Congress is reportedly looking into creating a law that would mandate the delisting of Chinese firms unless certain conditions are met, which may be nearly impossible to comply with. This news has increased uncertainty among would-be U.S. listers. Some of these firms, such as JD.com and NetEase, have already listed in Hong Kong, where they have found initial strongly positive local market reactions. Some investors assert firms that list on the Hong Kong stock exchange, instead of U.S. exchanges, are able to achieve a higher valuation multiple. One theory is that U.S. investors’ home bias may limit the enthusiasm for foreign companies’ stock trading on U.S. exchanges.

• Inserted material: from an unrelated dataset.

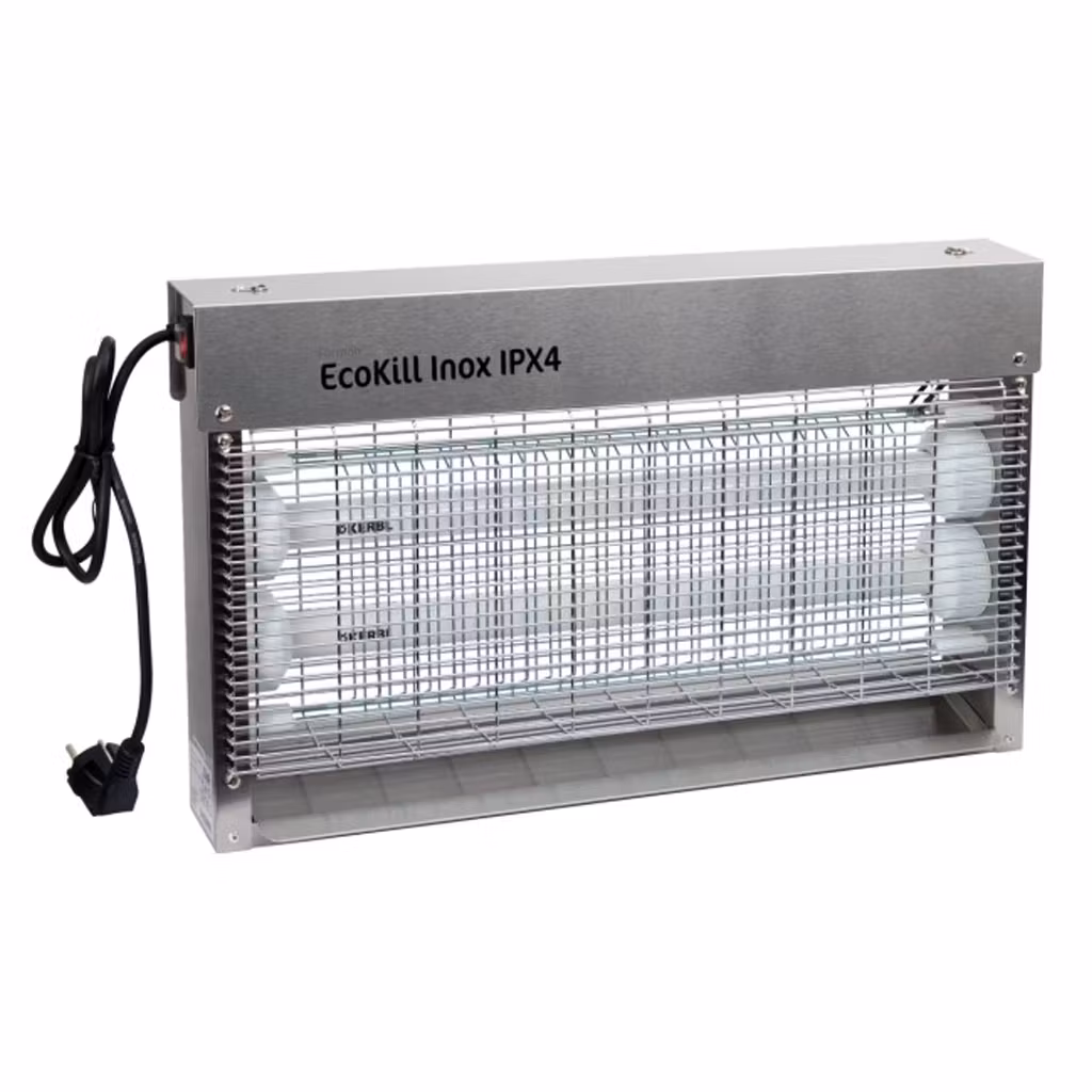 Den elektriska flugfångaren Eco Kill Inox IPX4 är en högkvalitativ lösning med ett rostfritt hölje, designad för effektivitet och hållbarhet. Alla Eco Kill Inox-modeller är TÜV-GS testade och har långlivade UV-lampor. Höljet med matt finish är enkelt att rengöra och behåller sin elegans under många år. Den tunna designen och det exponerade nätet ökar fångeffektiviteten. Med stänksäker elektronik och IPX4-certifiering är denna modell idealisk för användning i stallar, utomhus eller andra fuktiga miljöer.

The trend of choosing to list on the Hong Kong stock exchange has been prevalent for years, following the announcement in April 2018 that allowed companies with multi-class share structures. This change ultimately led to a 23% increase year-over-year for Hong Kong IPOs in 2019, pushing the exchange to the number one rank globally; projections for 2020 remain elevated. New uncertainties provide another data point for firms to potentially favor listing in Hong Kong.
The Hong Kong stock exchange’s issuer-friendly policies and the potential for a valuation premium, regardless of underlying rationale, continue to provide a strong argument for global firms to list their Asian subsidiaries in Hong Kong. Some of these advantages can ultimately lead a firm to pursue an IPO of a subsidiary over other forms of monetization, such as a spin-off or carve-out. It remains important for firms to stay aware of ongoing developments in political dialogue and market environments to make informed strategic decisions.